TASK TO CARRY OUT
Retype exactly what appears below from the line containing "For sale apartment" down to the line containing "好春重至西湖曲,不爱山靑与水", keeping both end lines. Do not include pictures.

PROVIDED RECORDS
▬▬▬

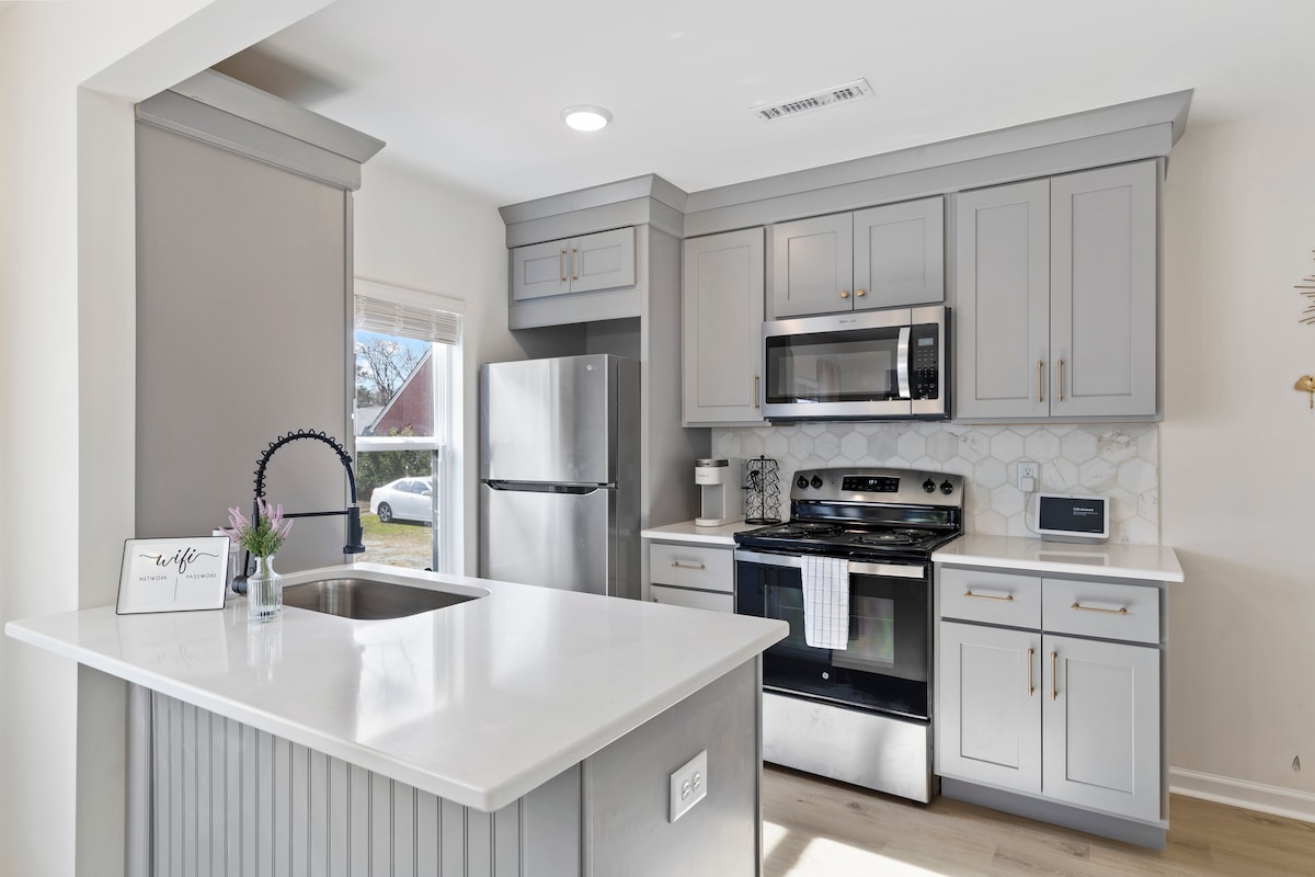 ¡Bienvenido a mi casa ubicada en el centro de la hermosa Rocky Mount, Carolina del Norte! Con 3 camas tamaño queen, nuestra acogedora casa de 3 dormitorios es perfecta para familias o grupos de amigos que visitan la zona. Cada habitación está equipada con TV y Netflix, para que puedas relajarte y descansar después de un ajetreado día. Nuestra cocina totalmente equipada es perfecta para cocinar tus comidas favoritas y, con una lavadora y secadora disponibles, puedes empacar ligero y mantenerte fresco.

▬▬▬

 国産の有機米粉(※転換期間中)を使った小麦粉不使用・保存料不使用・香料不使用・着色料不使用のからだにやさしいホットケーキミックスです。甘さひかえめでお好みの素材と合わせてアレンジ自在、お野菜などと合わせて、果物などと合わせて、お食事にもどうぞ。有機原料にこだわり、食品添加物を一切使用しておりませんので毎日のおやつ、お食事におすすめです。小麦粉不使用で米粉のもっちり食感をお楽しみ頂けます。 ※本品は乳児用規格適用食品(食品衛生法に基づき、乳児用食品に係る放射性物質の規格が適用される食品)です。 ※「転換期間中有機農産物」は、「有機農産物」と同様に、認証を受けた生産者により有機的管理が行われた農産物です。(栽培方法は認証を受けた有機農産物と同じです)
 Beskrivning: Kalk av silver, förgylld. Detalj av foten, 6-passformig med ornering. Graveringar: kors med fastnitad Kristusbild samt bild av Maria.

▬▬▬

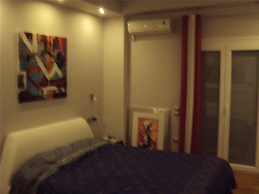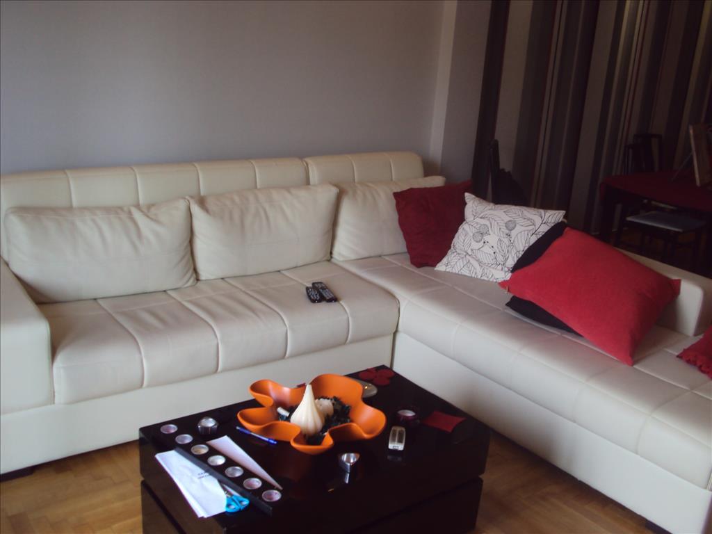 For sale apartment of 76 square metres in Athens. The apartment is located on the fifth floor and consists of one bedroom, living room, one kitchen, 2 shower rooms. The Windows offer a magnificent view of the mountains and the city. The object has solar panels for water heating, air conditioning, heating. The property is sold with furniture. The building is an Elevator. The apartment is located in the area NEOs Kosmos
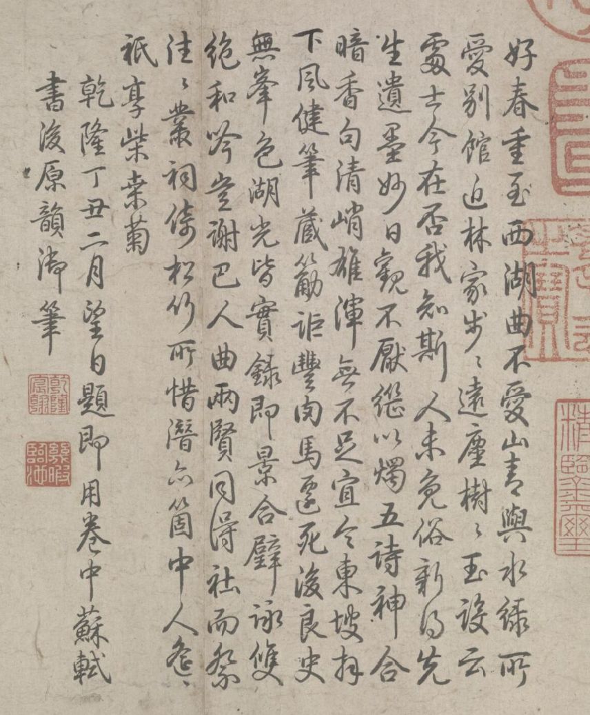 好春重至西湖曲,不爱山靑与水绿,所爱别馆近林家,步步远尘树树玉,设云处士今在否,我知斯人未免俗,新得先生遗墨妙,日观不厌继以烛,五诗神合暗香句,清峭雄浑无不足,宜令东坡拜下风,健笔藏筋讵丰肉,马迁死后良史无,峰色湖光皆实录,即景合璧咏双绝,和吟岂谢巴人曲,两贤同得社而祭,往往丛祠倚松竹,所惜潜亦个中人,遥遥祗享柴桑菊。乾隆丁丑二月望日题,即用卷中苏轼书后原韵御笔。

▬▬▬

YOUR RESPONSE
 For sale apartment of 76 square metres in Athens. The apartment is located on the fifth floor and consists of one bedroom, living room, one kitchen, 2 shower rooms. The Windows offer a magnificent view of the mountains and the city. The object has solar panels for water heating, air conditioning, heating. The property is sold with furniture. The building is an Elevator. The apartment is located in the area NEOs Kosmos
 好春重至西湖曲,不爱山靑与水绿,所爱别馆近林家,步步远尘树树玉,设云处士今在否,我知斯人未免俗,新得先生遗墨妙,日观不厌继以烛,五诗神合暗香句,清峭雄浑无不足,宜令东坡拜下风,健笔藏筋讵丰肉,马迁死后良史无,峰色湖光皆实录,即景合璧咏双绝,和吟岂谢巴人曲,两贤同得社而祭,往往丛祠倚松竹,所惜潜亦个中人,遥遥祗享柴桑菊。乾隆丁丑二月望日题,即用卷中苏轼书后原韵御笔。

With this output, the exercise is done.